Even with records that are likely to be duplicates, sloppy order entry procedures cause problems. Consider, for example, the earlier "Ben Rosen" and "Ben Orsen" record pair. Which is the correct surname for this individual? This is important because people appreciate being correctly referred to. When, they are not, the logical result is a lowered likelihood to place future orders.

Superior Record Hygiene: Even More Important Than 20 Years Ago

Twenty years ago, most direct marketing orders for many companies arrived via the mail. In this long-ago world, the majority of orders could be directly attributed to a promoted name and address. This is because most people filled out the order form that accompanied the direct mail piece. These order forms, in turn, contained the proper name and address of the prospect or customer. Of the minority of orders that were not directly attributable, most were the result of "passalong mail," where a friend or relative was inspired by the direct marketing piece to place an order.

Today, almost all orders are handled by inbound call centers and e-commerce sites. Unfortunately, when it comes to name and address entry, many call centers display less-than-rigorous standards.
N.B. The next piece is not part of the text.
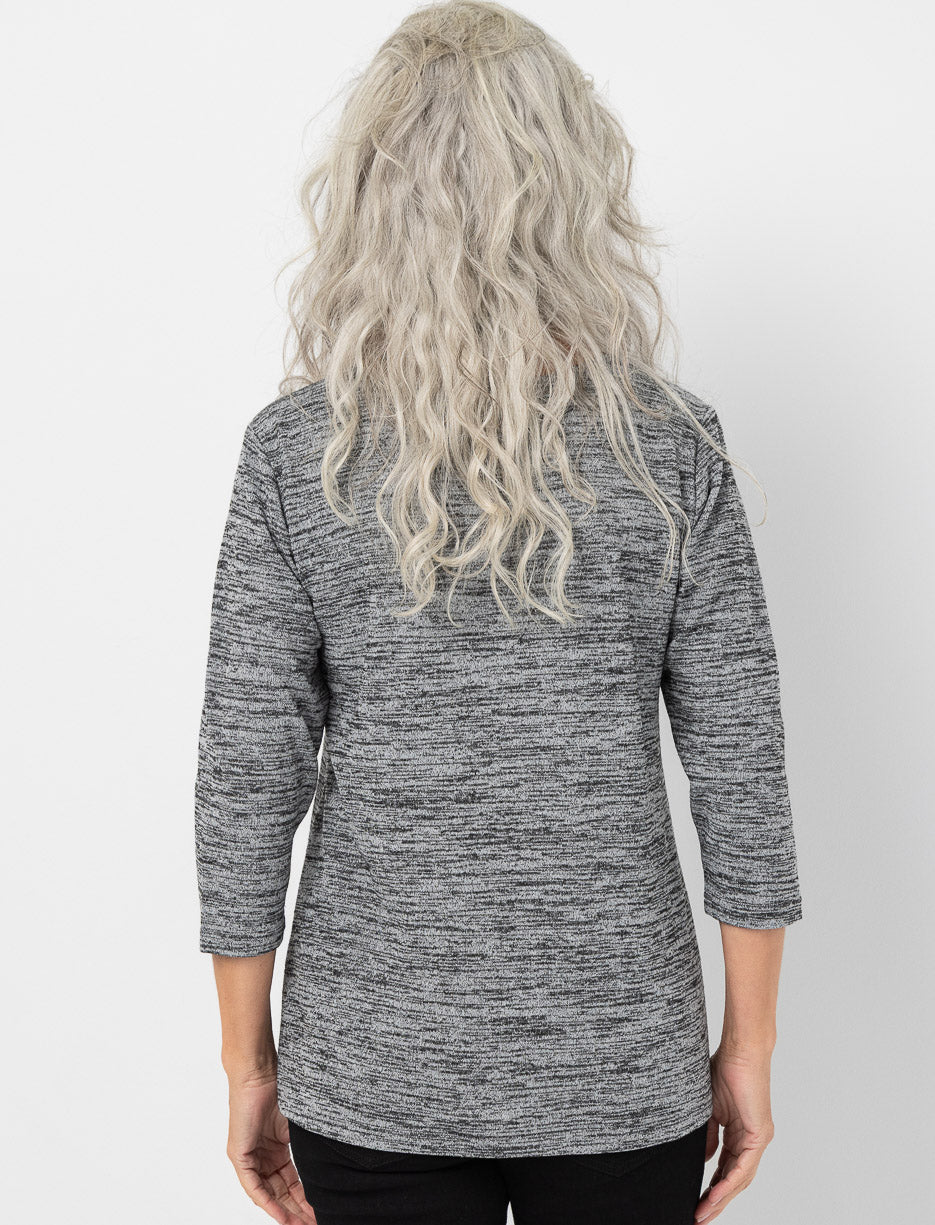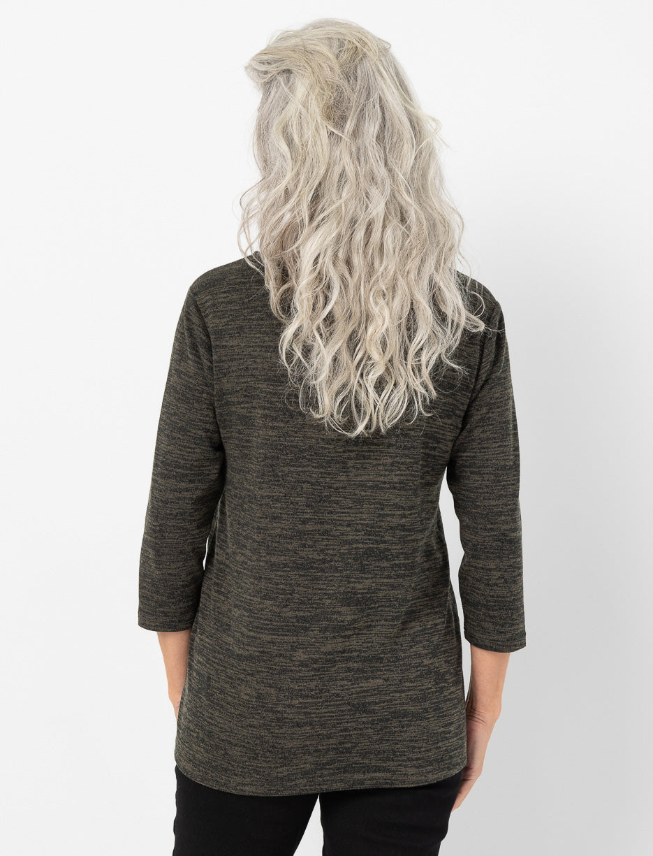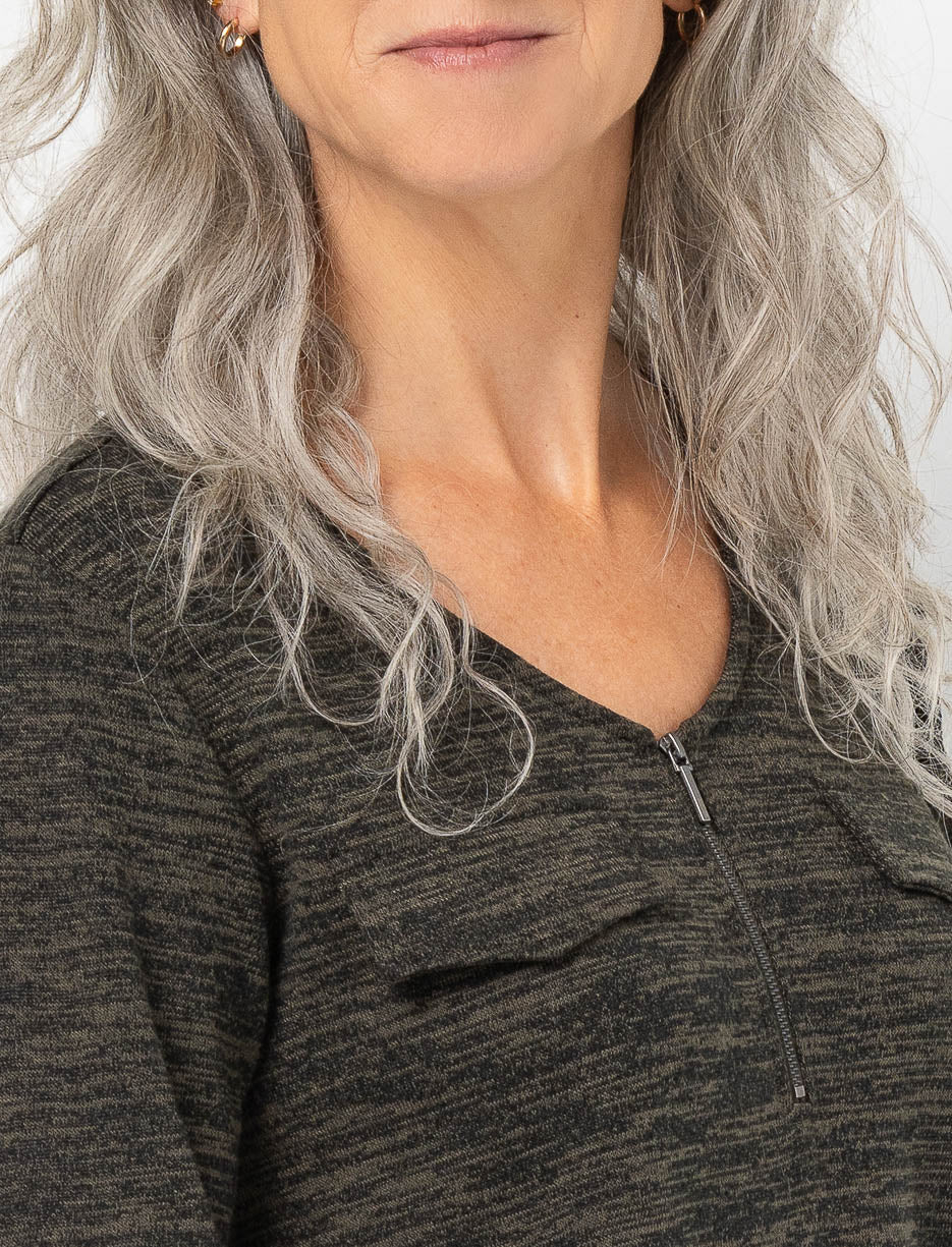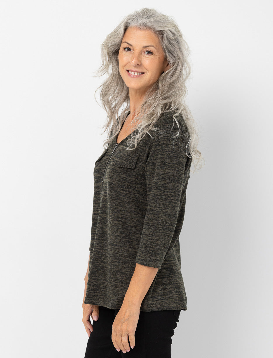 3/4-sleeve Zip V-neck Sweater
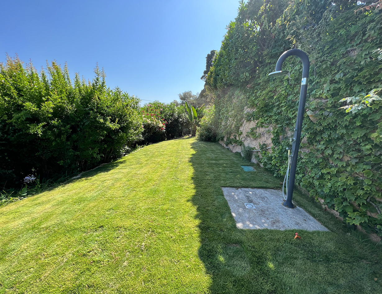 Ca.1400m2 Grundstück, mit Rasenflächen, Olivenbäumen, mediterranen Pflanzen, komplett gezäunt.

Glaring misspellings are common, as are omissions of address elements. Likewise, the capture of valid key codes often is not much better. And, e-commerce orders present their own name and address quality challenges. Frequently, for example, no more than 20 to 25% contain a key code.

This attenuated linkage between those who are promoted and those who respond makes it difficult to analyze direct marketing campaigns. Barriers to analysis, in turn, increase the probability that incorrect rollout decisions will be made, and that predictive models and lifetime value analysis will not reach their full potential.
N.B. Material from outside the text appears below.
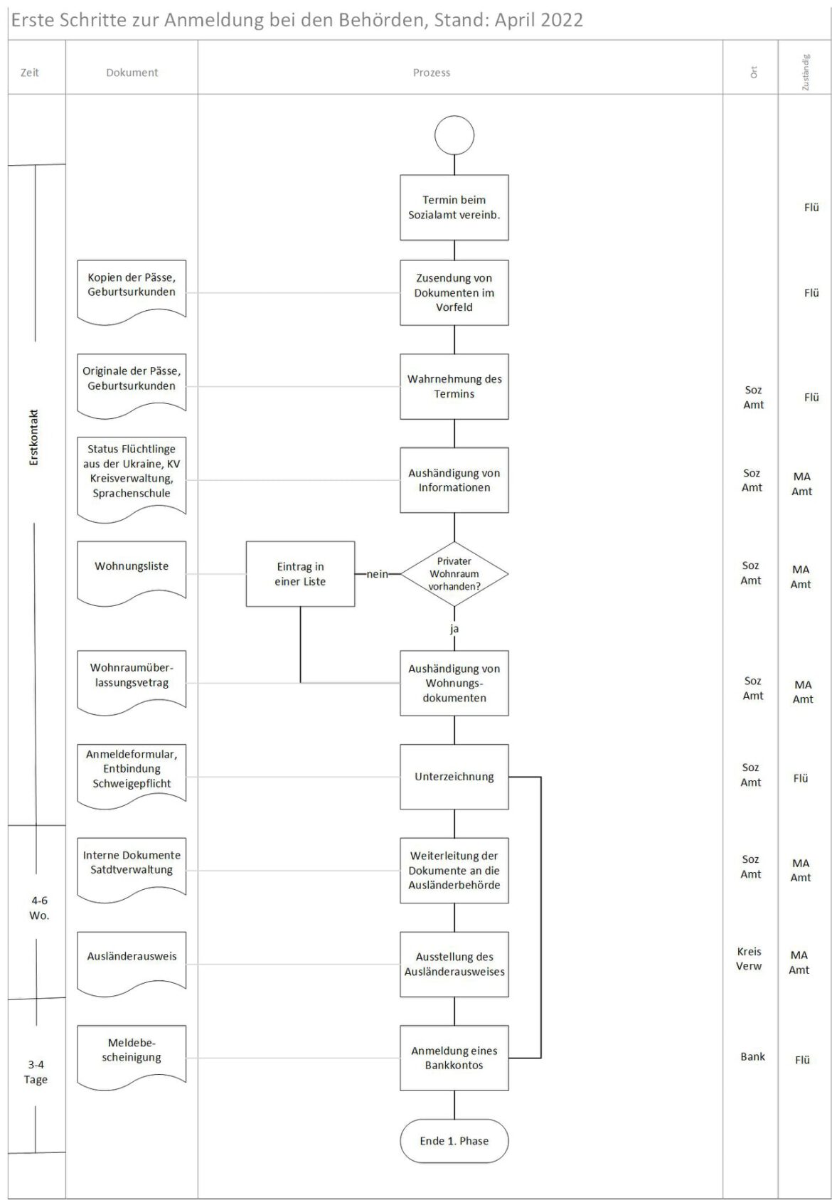 Den Ablauf aus behördlicher Sicht und somit das Rezept für erfolgreiche erste Integrationsprozesse habe ich als Schaubild an diesen abschließenden Text geheftet. In groben Schritten kann er aber skizziert werden. Zunächst ist es wichtig, dass Flüchtlinge registriert werden. An dieser Stelle soll auch klargestellt werden, ob Wohnraum angeboten wird, oder ob die Personen auf eine Warteliste gesetzt werden. Sicherlich müssen die Gäste im zweiten Fall in einer Sammelunterkunft untergebracht werden, bis eine Wohnung frei wird. Für das Angebot von privat organisiertem Wohnraum muss eine Wohnreimgeberbescheinigung ausgefüllt werden. Beides passiert auf dem Sozialamt. Hier erhält man auch die Adressen, um eine medizinische Versorgung einleiten zu können. In einem solchen Fall wird die Kreisverwaltung vom Patienten angerufen, der dann Kontakt mit dem benannten Arzt aufnimmt und im besten Fall die Übernahme der Behandlungskosten zusagt. Wenn sich ab Juni alle Flüchtlinge im Status ALG 2 befinden, werden auch Krankenkassen-Karten ausgestellt und der klassische Versicherungsschutz besteht. Auf dem Sozialamt erhält man auch Kontaktdaten für die VHS-Sprachenschule sowie Tickets für den regionalen Nahverkehr.

Maximizing the Quality of Response Data

Fortunately, techniques exist to maximize the quality of response data. Unique ID's can be applied to promoted records. When applied to prospects, these are often referred to as "finder numbers." Call center reps can request this unique ID, which acts as a "hard" link between the order and the promoted record. Likewise, the ID can be requested during e-commerce sessions.
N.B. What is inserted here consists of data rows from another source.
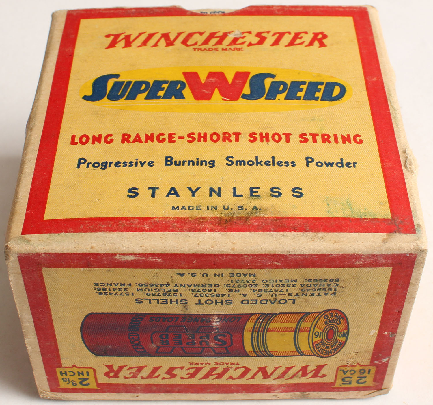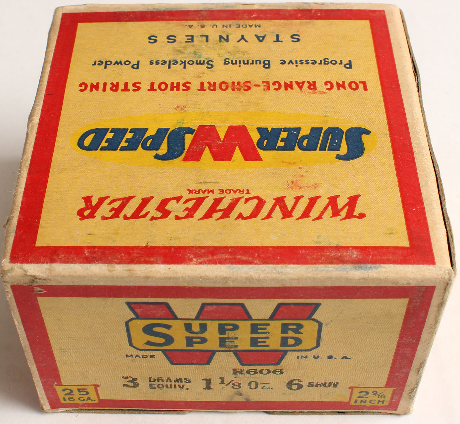 Winchester, Super W Speed, Staynless, 16ga., 2 9/16'', 1pc., Full, shot size 6, cream red, blue and yellow box, box is solid with nice colors, box has light soiling & light edge wear, shells are excellent. Grade: Very Good ++ - Value: 20 to 60
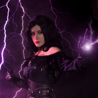 the character for fun or at a convention. The character is holding lightning bolts around her and seems to have control over them, indicating that she has
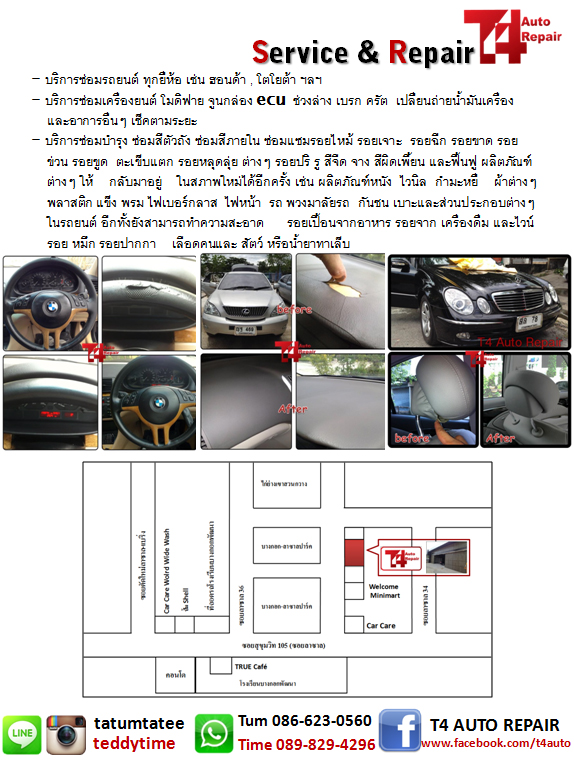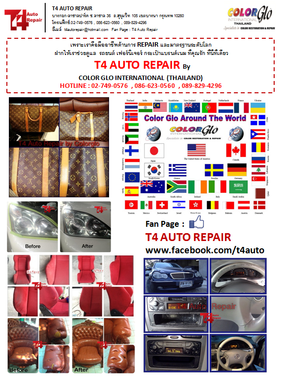 T4 Auto Repair by Color Glo International (Thailand) ที่นี่ที่เดียว บริการซ่อมและ Repair รถยนตร์ เฟอร์นิเจอร์ กระเป๋าแบรนด์เนม ฯลฯ ด้วยมาตรฐานสากล และช่างมืออาชีพ T4 Auto Repair ซอยลาซาล 36 Hotline ตั้ม 086-623-0560 , ไทม์ 089-829-4296 Line: teddytime ^^
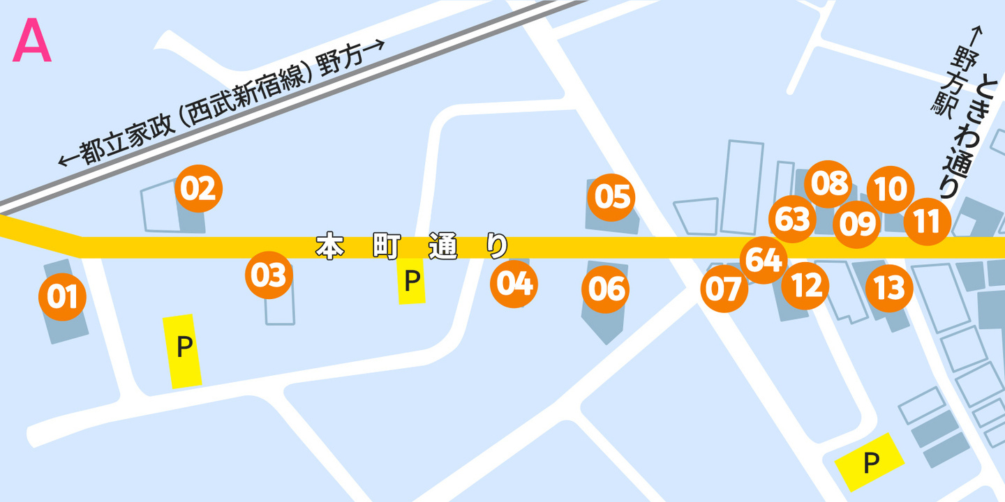 あ ……あいりすスタンプ加盟店H ……なかのハート商品券取扱店ナ ……ナカペイ取扱店 01 榎本ガラス店 あHナ 02 美容院 m-fleckHナ 03 ごせい野方ケアステーション 04 おりじなるぼっくす中野店ナ 05 Bakery Cafe CuiCuiHナ 06 NPO法人すばる会すばるカンパニー 07 スガタカタチHナ 08 リリーマルレーンHナ 09 フラワーショップ Rocca_RoccaHナ 10 たなか理髪店H※非掲載 11 買取専門店こやし屋野方店 12 パートナー整骨院ナ 13 (株)KIK・トータルホームズ 63 韓食堂ボチャン 64 Zacks 14 酒場はとまめ 15 鳥富士 Hナ 16 お好み焼きぱあるHナ 17 篠勝商店 野菜果実専門店H 18 コンサートホール野方 19 和食処とっとっとナ 20 えんハウジング野方本店 21 支那そばあまちゃんHナ 22 魚正水産 23 sara歯科クリニック 24 ダンスムーヴ 25 炉端屋台囲み屋/おでん割烹日南乃 26 オンリーワン 27 笑顔道整骨院野方院 28 HAIR ATELIER YUI 29 ドコモショップ野方店 30 餃子の王将 野方店H 31 ちひろこどもクリニック 32 ヘアマインド シガH 33 おおくぼ青果店 34 リアルティ三山 35 野方食堂H 36 松屋野方店 37 ファミリーマート野方駅南店 38 立呑み晩杯屋野方店 39 セワロKitchen@Bar 40 輝道家 41 100円ショップワッツ野方店 42 nukuku HAIR AND SPA 43 のがた眼科クリニック 44 東京ひよこ中野店ナ 45 個人指導の学習塾スクールIE 46 友内歯科医院 47 プロフメリア・コンドウ あHナ 48 ちよだ鮨 野方店 49 オホーツク北見焼肉のっけ東京野方店 50 ヘアーメーク TestavantiHナ 51 都民ファーストの会大沢ひろゆき事務所 52 チッチョベッロHナ 53 フラワー薬局 野方店 54 焼肉酒場 牛膳 55 バーバーショップスズキHナ 56 星の隠れ家 H 57 Bed&Stay 野方 58 NPO法人ポタジェの会 59 あかね訪問看護ステーション [地図掲載外] 60 Kita・Design・Labo 61 株式会社xalibre(ザリブレ) 62 たからゆナ 他の通りを見る ●北原通り ●ときわ通り ●駅前通り ●みつわ通り
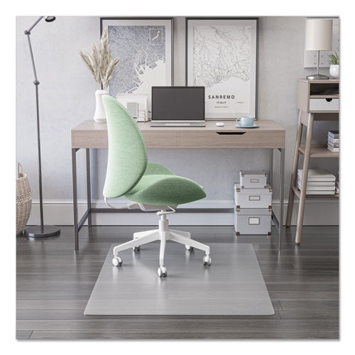 Our new line of EconoMat chair floor mats for hard floors have a non-studded bottom surface that provides a superior, non-skid grip surface ideal for hardwood, tile, laminate, linoleum or even concrete flooring. Its straight edges create a seamless transition from chair mat to hard floor surface. The EconoMat is also treated with Micropel Antimicrobial Protection, a powerful antimicrobial technology that protects the unwanted growth of mold and mildew as well as odor causing bacteria on the mat. Our ergonomic vinyl chair mats are UL Greenguard certified creating an safe, easy glide surface to help you move around your workspace.Note: This is a non-returnable item.

Ideally, when the ID is input by the call center rep into the operational system, the name and address of the customer or prospect will appear on the screen. Similarly, the same steps can occur during e-commerce sessions. At this time, the customer can be queried about any changes, including whether he or she is a "passalong" order. If this is the case, then a "hard link" has been established between the response vehicle and "indirectly promoted" new customer, which is very helpful in subsequent response analysis and data mining.

For direct marketers whose size is sufficiently large to justify the investment, real-time hygiene technologies can also be integrated into their operational infrastructure. First, customer and prospect contact lists are loaded into the operational system. If incoming orders have different address data, technology can be used to "screen on the fly" for address elements that do not meet USPS standards. For example, out-of-range street numerics can be flagged for follow-up investigation by the call center rep or through an e-commerce screen. Such technologies significantly reduce the volume of problematic name and address information that is input to operational systems.

Unfortunately, many small to mid-sized direct marketers cannot justify major investments in up-front hygiene technology. However, name and address input quality can be significantly enhanced by the incorporation of simple but cost-effective order entry procedures. For example, rigorous name and address input standards can be established for call center reps, and the performance of individual reps tracked by the back-end matching of orders against prospect and customer lists. Those reps who consistently achieve high standards become eligible for performance bonuses.